Timothy Stephen Buckley

Publisher: Xlibris Pages: 166 Price: (paperback) $16.99 ISBN: 9781664158290 Reviewed: August, 2021 Author Website: Visit »

In Building with Discarded Stones, Timothy Stephen Buckley draws on his experience working in the L’Arche and the Faith and Light communities to shed positive light on individuals living with intellectual and developmental disabilities.

After leaving a Milwaukee seminary, having realized the priesthood was not his vocation, Buckley volunteered at a camp for children and adolescents with cognitive and developmental issues. Beneath the screams, flapping arms and seizures he encountered, he soon realized these individuals had unique characters and personalities. He understood that their essence was to experience life from the heart and that their desires paralleled those of the world at large: care, attention, respect and acceptance and to love and be loved.

Buckley ultimately gravitated to the two organizations mentioned, established to help individuals often isolated outside the mainstream. In his book, he showcases these communities, which provide sanctuary for those with such challenges. Through his observations, readers glimpse people with disabilities and those who assist them in sharing life and friendship and in building community as responsible adults.

Buckley weaves profound, gentle portraits of core community members, including silent Linda, who communicates only through touch and harsh sounds; Bobbie, who tests his caretakers with aggressive moves; and Calvin, a young black man who helps an elderly white Alabama woman become more racially accepting. The narrative not only details challenges but also provides a heartfelt commentary with valuable life lessons that “people with disabilities serve as mirrors for us all.”
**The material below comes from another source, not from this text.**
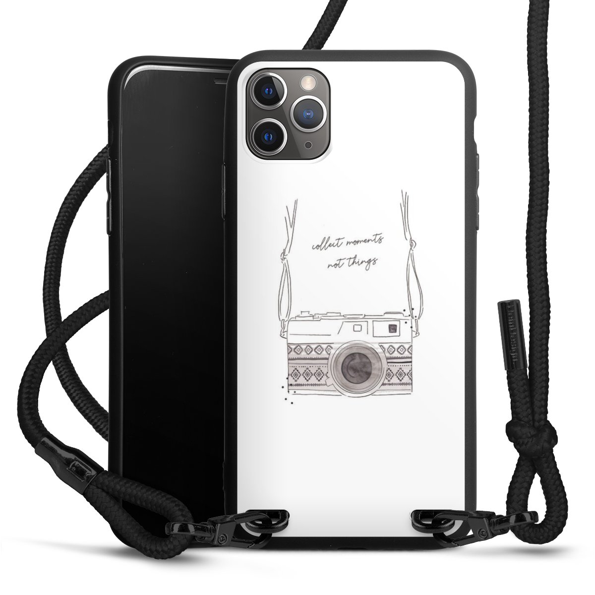 Pure Black: Handyhülle, Stoffband und Metalldetails in stylischem Mattschwarz.

There are some missing words in the text. Additionally, the stone photos that appear at the opening of each chapter lack artful dynamic representation of the subject matter. But these are minor issues.

Buckley clearly views the people at the heart of these communities as “agents in the project of humanization.” For readers looking for better understanding of individuals with developmental and physical differences, this honest, sensitive, well-written volume of engaging stories illuminates their willingness to embrace the world, despite an often-judgmental society.